The hardest part was finding the damn capacitors. I had to drive to three different stores and deep into the valley to find the proper ones. Samsung must be screwing a lot of people if that one 1,000 MF size is selling out. So if you own a Samsung HDTV, bookmark this video because you will get fucked eventually. Repairing it yourself will set you back around $25-$30 if you don’t own a soldering iron. That’s about $370 cheaper than paying someone. A couple of notes about this instructional: it doesn’t mention that there’s a positive and negative wire on the capacitor. When putting in the new capacitors, make sure the white stripe is aligned to the thick black mark on the circuit board. Also, his TV is only a year old. If your TV is older, like mine, removing the old solder will leave a bit more gunk. Don’t skip that last step in part two where he cleans his circuit board with alcohol, it’s better to be safe than sorry. Anyway, my TV works like new now. Real World: DC, you will get watched tonight.

12:30 pm


1 foot-long chicken breast sandwich on white

1 can of Diet Coke

5 pm

1 brownie

8:30 pm

chicken paprikash over egg noodles

2 glasses of Dry Creek zinfandel

1 can of Diet Pepsi

I went to Budapest this past summer and I naturally came back with paprika. It also sat unused on my pantry shelf for six months. Today, I ended up with four pounds of chicken breasts that I had no idea what to do with. Then I remembered my unused paprika and a delicious chicken paprikash dish that Abigail ate at a fancy restaurant we went to in Budapest. It was deconstructed, with foams made out of paprika, cream and parsley that was arranged in a pretty color scheme of the Hungarian flag. Since I don’t have the skills or CO2 canisters to make foams, so I couldn’t recreate that dish. I went with the more traditional route instead, though I should note that a proper Hungarian paprikash doesn’t have tomatoes or bell peppers. I used tomatoes because I liked the flavors, and bell peppers because they were in my fridge and had to be used soon. Also, I used olive oil instead of butter. I realize that I forced quite a bit of Italian touches into my Hungarian dish, just like Mussolini and World War II. On that note…

Chicken Paprikash recipe

– Cut two chicken breasts into 1″ pieces and season with salt and pepper.

– Combine flour, salt, pepper and enough paprika to tint it slightly pink. I prefer sweet paprika for this dish, but hot will work. Neither of them are actually that spicy. Hot means the peppers for the paprika were smoked, unlike sweet.

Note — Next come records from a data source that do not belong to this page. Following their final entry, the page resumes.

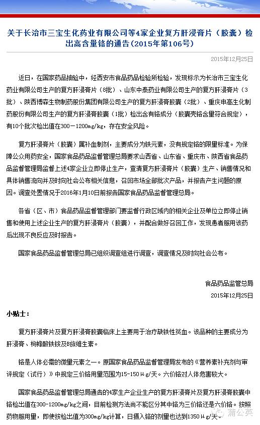 CFDA官网于12月25日公布了4家药企10个批次的复方肝浸膏片(胶囊)检出高含量铬300—1200mg/kg,要求企业立即停产和召回。从通知上看,这次铬含量超标与上次“毒胶囊”事情本质完全不同,首次这次涉及药品CFDA特别强调“胶囊壳铬含量合格”; 而上次毒胶囊罪魁祸首为空心胶囊。
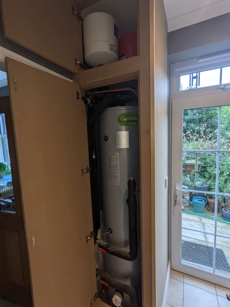There was a slight hiccough on day 1 as the suggested location for the cylinder wasn't going to work. Our initial suggestion was to site in where the old boiler had been but when the survey was conducted, we were told there was not enough space to accommodate a cylinder, and they had suggested putting it in one of the bedrooms. On closer examination, the contractors realised this wouldn't work because of the plumbing setup. A somewhat smaller cylinder could be fitted at our preferred location (where the old boiler had been).
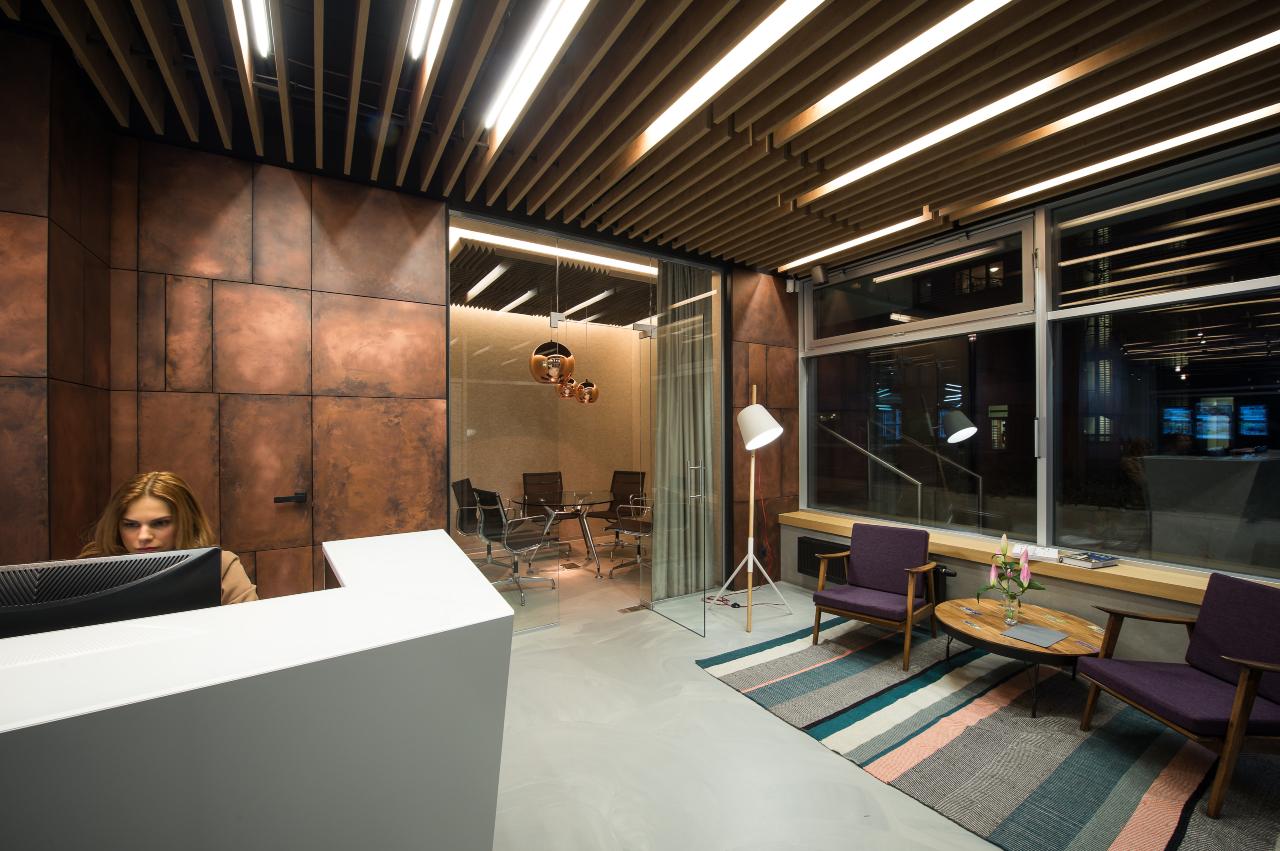 Najdominantnejším prvkom interiéru kancelárie je recepčný pult, ktorého ambíciou je byť istým poznávacím znamením celého priestoru.
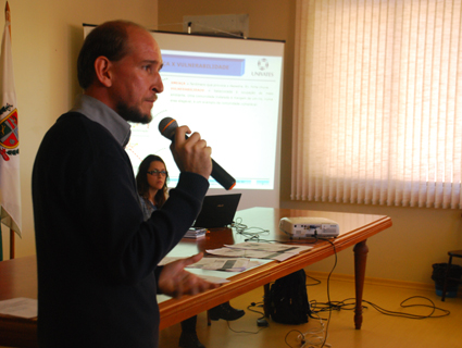 O professor Rafael Rodrigo Eckhardt, professor de Engenharia Ambiental na Univates e coordenador do Sistema de Monitoramento e Prevenção de Enchentes do Vale do Taquari esteve presente na reunião, onde apresentou a estrutura do trabalho exercido sobre o monitoramento e prevenção de alagamentos do Vale do Taquari e relatou as experiências que já existem nos municípios de Lajeado e Estrela. “Tudo se inicia em pontos a serem analisados. Realmente não há como resolver a situação de enchentes, mas em contrapartida há como melhorar a convivência, além de avanços para ações de contingência da Defesa Civil”, contou.

– Heat a stainless steel skillet with olive oil (not extra virgin, which has too low of a smoke point and will taste bitter if cooked too hard) or butter. Dredge the chicken pieces in seasoned flour, shake off excess, brown in the pan and reserve.

– Pour a bit more oil into the same pan and add two cloves chopped garlic and one diced onion. Season the onions, and sprinkle just enough paprika to coat the onions and sweat over medium-low heat. When onions are translucent, add one diced bell peppers and a handful of diced, peeled and seeded tomatoes (I splurge on San Marzano tomatoes and I think is worth the extra couple of dollars. You can eyeball the amount, depending on taste, and even add tomato paste if you want).

– Pour just enough chicken stock to cover the vegetables. Mix in thyme and cumin. I would’ve added marjoram too if I had that. Add back the cooked chicken pieces, simmer and reduce.

– Put a spoonful of sour cream in a bowl and season with a bit more paprika, salt and pepper. Take some of the cooking liquid and mix into the sour cream to raise it’s temperature. When the paprikash is partially reduced, stir in the sour cream. Tempering the sour cream keeps it from curdling in high heat, and the texture will be silkier.

– Once the sauce thickens (shouldn’t take longer than 15-20 minutes total), serve over egg noodles, which is traditional, or cooked rice. Season to taste. Put a dollop of sour cream on top. For an honest Hungarian paprikash, omit tomatoes and bell peppers.

I made enough for four servings, so I invited a friend over to share. My roommate broke out a $30 bottle of wine from a SAG Award gift basket and it was the perfect accompaniment.